Photo by Katrin Hauf on Unsplash

I was recently asked a question about how to scale an app. When I work on my own personal React projects, I don’t really think about scaling…I mainly focus on playing around with code to understand all its nuances. That’s probably the case with a lot of new developers…if you’re just working on a small project, thinking about scaling can actually get in the way of the creative work. In fact, a number of solutions to scaling introduce complexity and abstraction, which in turn can make testing code harder, fixing bugs and introducing new features becomes more difficult and and frustration increases when trying to match production versus local environments. These complications can be too “expensive” to deal with if your app isn’t actually large enough to warrant some scaling solution.

Ok, so let’s say you are actually starting to see some slowing down in your app. The very first thing that is needed is a clear definition of exactly what the problem is. In other words, you need to determine what the limiting resource is…what is your app running out of?

The first step would most likely be to check resource monitoring to see if some resource was at capacity. What you use for resource monitoring depends on how your servers are being managed. If you’re using Amazon, AWS offers the service for your, and if you’re using Heroku, New Relic seems to be preferred. If you manage your own servers, you should install something like Munin. If the resource monitoring doesn’t show anything being overwhelmed, it would probably be a good idea to do some logging to check if there is something that is taking a long time to load.

It is highly recommended that you host your web servers on a different machine than your database…and so resource monitoring should be done on both machines. The consensus seems to be that scaling issues usually occur first in the database.

Another recommendation is that it’s always a good idea to make sure the tech stack is doing as little work as possible for requests that occur most frequently. This could involve things like storing results of common operations (to avoid repeating work), reusing data that has already been looked up, and avoiding complex operations in the request-response cycle. Some form of caching, in other words.

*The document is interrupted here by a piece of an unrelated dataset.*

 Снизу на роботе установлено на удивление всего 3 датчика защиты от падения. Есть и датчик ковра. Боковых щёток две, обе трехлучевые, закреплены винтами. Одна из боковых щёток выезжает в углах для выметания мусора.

It’s also a good idea for a domain to point to a load balancer, which can then route requests between multiple web servers. this makes it easier to handle increases in loads…and also gives the added bonus of being able to deal with failures much more easily. Requests can be spread across more machines, thereby allowing each individual one to do less work. Using a load balancer allows apps to grow with fewer hiccups over time and can deal with temporary traffic surges. It’s definitely something that I’ve seen recommended from the start, as it doesn’t add much complexity and it only needs to be set up once.

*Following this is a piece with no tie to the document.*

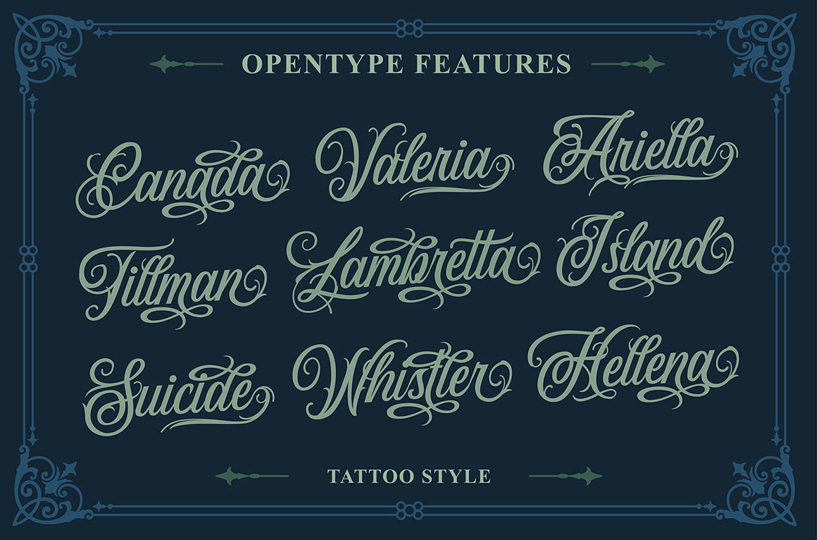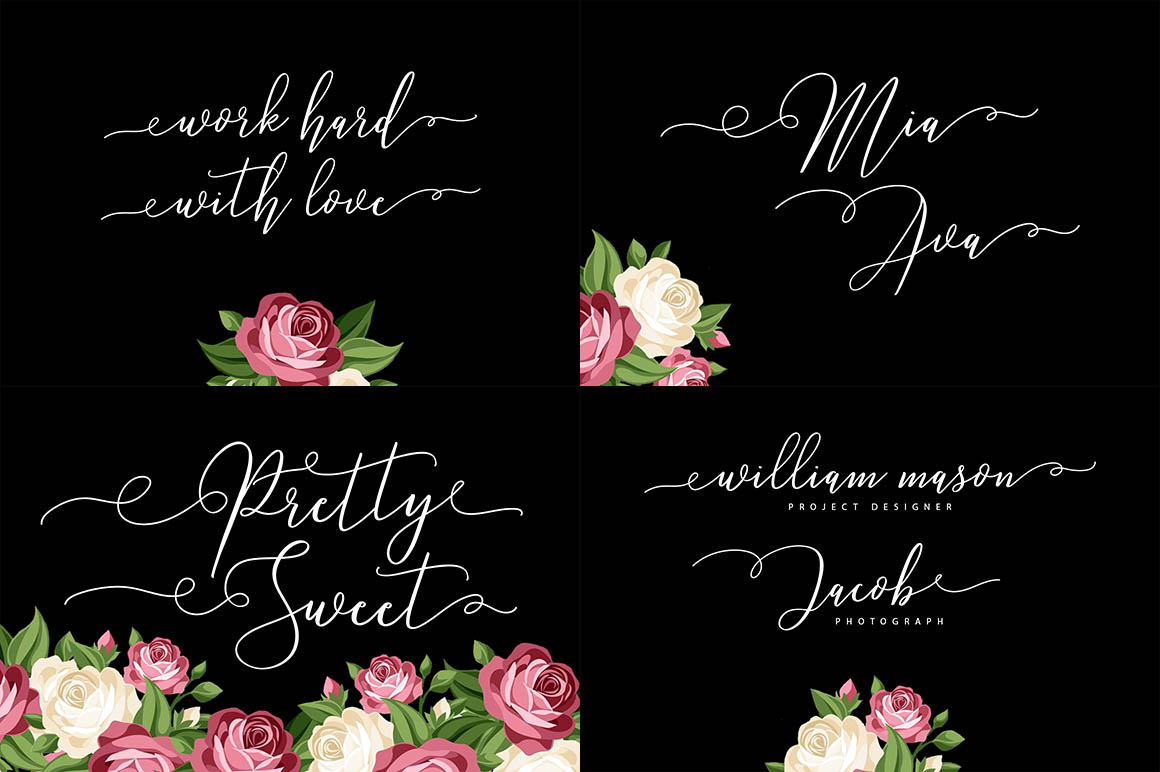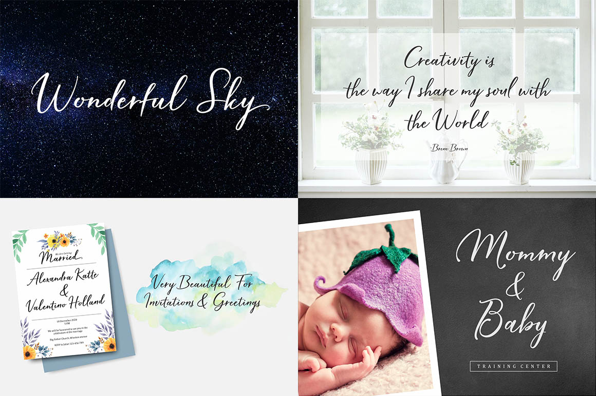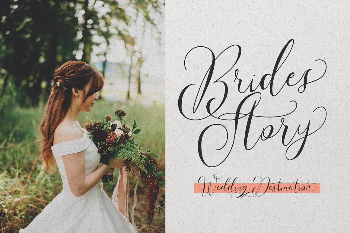 It is a signature font with a multitude of letter variations to make that perfect and unique design. This font is perfect for wedding invitation or your blog. Also with their help, you can create a logo or beautiful frame for your home. Or just use for your small business, book covers, stationery and more.

The idea behind load balancers. From

One thing that happens with large databases is that lookups can take quite a bit of time, with queries having to examine every single row in thousands of rows to find the right condition. If a database index was added for particular queries (say username lookups), the right row could be found immediately, thereby saving a significant amount of time.

It might also be a good idea to consider where you store your session data; if you are storing the actual key/value data in a table, your database may experience quite a lot of delay from the load. In order to alleviate this load, one option is to move session storage to an in-memory caching tool, like redis or memcached.

Let’s sum up the scaling solutions I’ve touched on here:

  1. resource monitoring and logging (to actually figure out what the problem is)
  2. host your web servers on a different machine than your database
  3. make sure the tech stack is doing as little work as possible for requests that occur most frequently
  4. use a load balancer
  5. database indexing
  6. in-memory caching tool

This is by no means an exhaustive list, as there are a number of other solutions out there. The solution (or solutions) you’ll need will obviously be dependent on what specific scaling issue you’re experiencing with your app. The thing I realized, though, is that it’s never too early to at least start thinking about what it would mean to have to scale an app! Happy coding!